The above-mentioned non-woven fabric which can be treated at a high temperature in an inert atmosphere is not particularly limited, and examples thereof include precursor fibers of isotropic pitch or meso-face pitch, cellulose fibers, cured novolac fibers, polyvinyl alcohol fibers, There are aromatic polyamide fibers, poly-p-phenylenebenzoxazole fibers, and the like, but it is particularly preferable to use flame-resistant fibers obtained by flame-proofing polyacrylonitrile fibers by a known method as a raw material. In this case, it is particularly preferable that the tensile strength of the single fiber as the raw material measured by the method according to JIS R7601 (1986) is 18 to 30 kgf / mm ² and the elongation at break is 20 to 40%.
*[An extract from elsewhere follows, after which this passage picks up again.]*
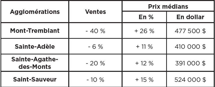 « Les ventes résidentielles ont évolué de manière très différente selon les agglomérations », est-il mentionné dans le rapport. Par exemple, du côté de Mont-Tremblant, les ventes résidentielles ont chuté de 40 %, alors que le prix médian des unifamiliales a grimpé de 26 % pour une valeur de 477 500 $. Pour l’agglomération de Sainte- Agathe-des-Monts, on note une baisse de 20 % des ventes et une augmentation du prix médian de 12 %. Ce dernier atteint ainsi une valeur de 319 000 $.

The method for making the carbonizable material into a non-woven fabric is not particularly limited, and for example, a method in which a multi-layered web is made into a non-woven fabric by needle punching after opening with a card is suitable. Used. Further, in order to facilitate the formation of the grooves, nonwoven fabrics of different fiber materials may be laminated in multiple layers, or different fiber materials may be mixed to form a nonwoven fabric.

The method of adding a groove to the above-mentioned non-woven fabric
2 to 15 g / m of organic binder ²After containing
The mold with the specified mountain width, mountain interval, and height is specified above
Place it on a non-woven fabric and heat it at a temperature of 100-250 ℃ for 0.1-hours.
5 minutes, pressure 1 to 500 kgf / cm²With heat and pressure molding
You can get it. Especially the amount of binder is preferable
Is 5 to 10 g / m²Is. 15 g / m²If the above
Grooves tend to crack during compression and become powdered, and the weight loss rate after liquid passage
This is unfavorable because it makes it hard. 2 g / m²If:
No effective groove is formed during compression, and liquid permeability deteriorates.

The above organic binder is an acrylic type,
Cellulose type, polyvinyl alcohol type, epoxy type,
There are vinyl acetate type and phenol resin type, but it is particularly preferable to use a phenol resin type which forms a stable groove after firing by heating and curing and carbonization. The method of including the binder in the nonwoven fabric includes a method of mixing the powdery material at the time of opening the raw cotton, a method of impregnating the nonwoven material with the liquid material, and a method of directly dispersing the powdery material on the nonwoven fabric, but the method is not particularly limited. Not a thing.

JIS of the raw material monofilament constituting the non-woven fabric
The tensile strength measured by the method according to R7601 (1986) is 18 to 30 kgf / mm ² , and the breaking elongation is 20 to 40.
% Is desirable. JIS R7601 (198
The tensile strength measured by the method according to 6) is 18 kgf / m.
If it is less than m ^2, the processability in producing the raw material nonwoven fabric is lowered and the tensile strength of the raw material nonwoven fabric is lowered, which is not preferable. Further, the tensile strength of the electrode material having the grooves made of the carbonaceous fiber nonwoven fabric obtained by the high temperature treatment in the inert atmosphere is lowered. When the elongation at break is less than 20%, the workability in producing the raw material nonwoven fabric decreases.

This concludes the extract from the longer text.